踏青的人很多,三三两两地聚着各家公子小姐,衣香鬓影,笑语盈盈。
鄢雨舟戴了一顶帷帽,垂下的纱帘遮住了她的面容。赵禛与她保持着得体的距离,对外也只说是带自家妹妹出来游玩,并不透露她的身份。
山坡上,野花开得正盛,赵禛给鄢雨舟摘花。前几日下雨,地面泥泞不堪,随从心惊胆战,唯恐他有个好歹,想替他去。
赵禛不肯,觉得亲自去才有诚意。
赵禛仔细挑拣那些开得最好的花枝,一枝一枝,小心地折下来,拢在怀里。
等他回来时,靴子上沾满了泥浆,裤腿也湿了一大截,可怀里那束花却被他护得好好的,一片花瓣都没有碰损。
他将那束花递到她眼前,像是捧出自己的一颗真心,道:“雨舟妹妹,我摘了很多,每种颜色都有,要不每一样你挑一株最好看的,怎么样?”
“好。”鄢雨舟答。
过了一会,他忽然道:“紫色。
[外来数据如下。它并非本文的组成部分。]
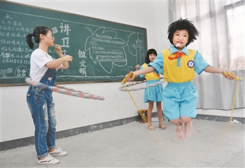 图为张缘在课余时间和同学们玩耍。卓忠伟 摄/视觉中国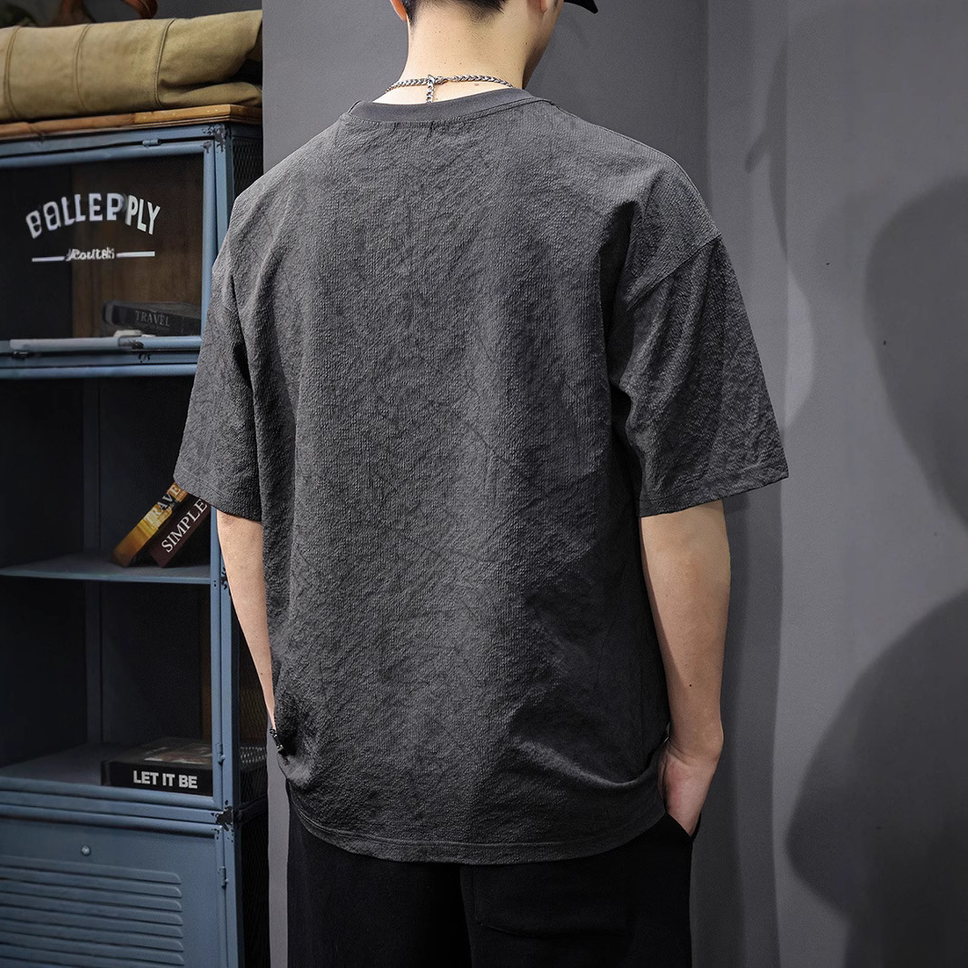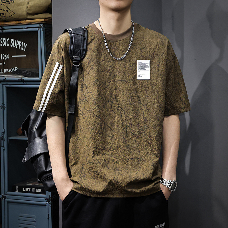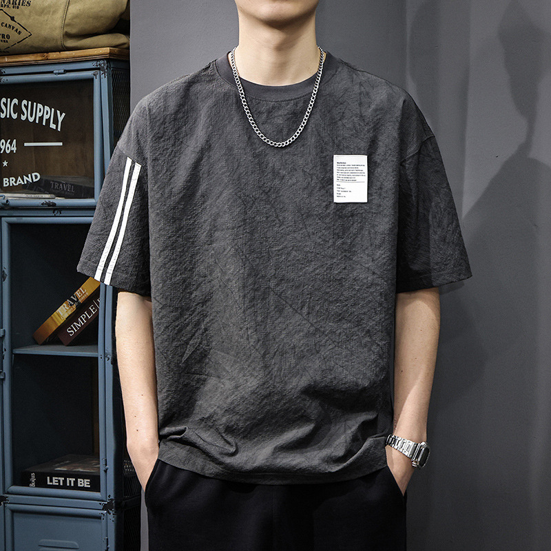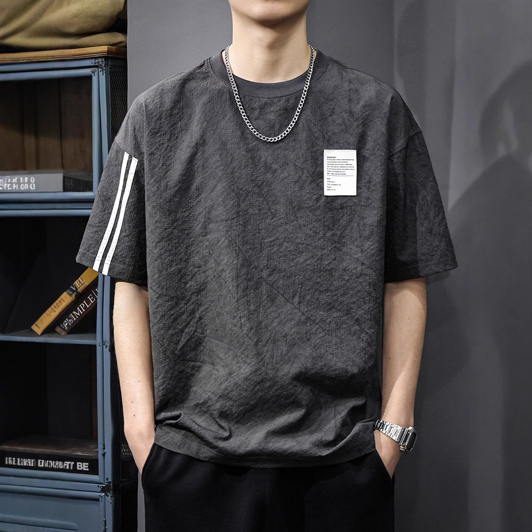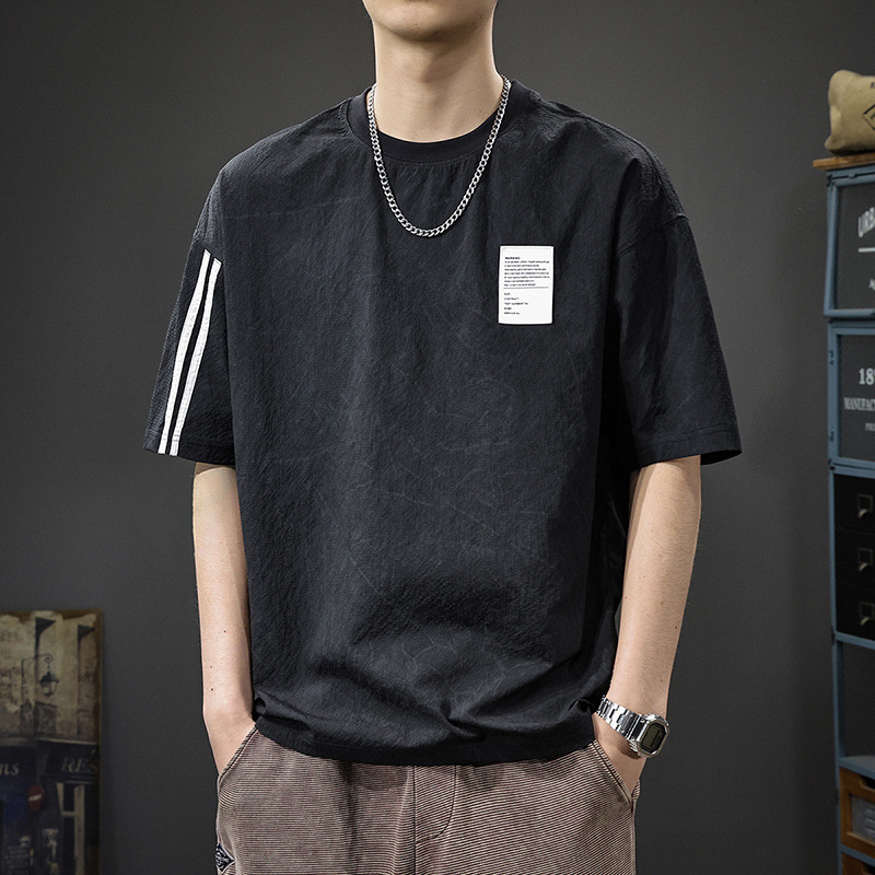 Главная страница > Летняя новая текстура ледяная шелковая холодная футболка с короткими рукавами мужская тонкая, сухая свободная американская футболка с половиной рукава большого размера

”
鄢雨舟抬头:“什么?”
赵禛望着她道:“紫色,有了。”
鄢雨舟低头,果然,手里已经有一株紫色的铃兰,指尖一顿。
赵禛看出了她的心不在焉,没有点破,但眼底的笑意却一点一点淡了下去。
他再迟钝,也该看出来了。
雨舟妹妹,不喜欢他。
一路无言,鄢雨舟兴致缺缺,赵禛不愿强迫她开口,也沉默了许多。
见天色不早,即便赵禛心里还想再多与她待一会儿,还是提议送她回府。
即便心中不悦,赵禛面上还是挂着笑的,先去正堂与大夫人和老夫人叙了会儿话,又绕去后院找鄢道远讨教了几式剑法,才拜谢告辞。
殷勤周到,滴水不漏,仿佛今日的踏青当真是尽兴而归。
大夫人果然没有看出任何异样,等赵禛走后,对鄢雨舟只随口问了几句,便放她回了院子。
这几日鄢雨舟都没有出门。
鄢母来问,她只推说琴师病了,告了几日假。
鄢母心中着急,花朝节在即,怕女儿在课业上懈怠,不过几个时辰,便雷厉风行,另请了一位师长回来。
那位师长四十出头的年纪,面相严肃,不苟言笑。
师长弹了一曲凤求凰。
指法生硬,气韵全无,与她的管师完全不能比同。
师长教学也不得其法,她弹错了音,师长并不给他时间调整,二话不说便训斥她,毫不留情面。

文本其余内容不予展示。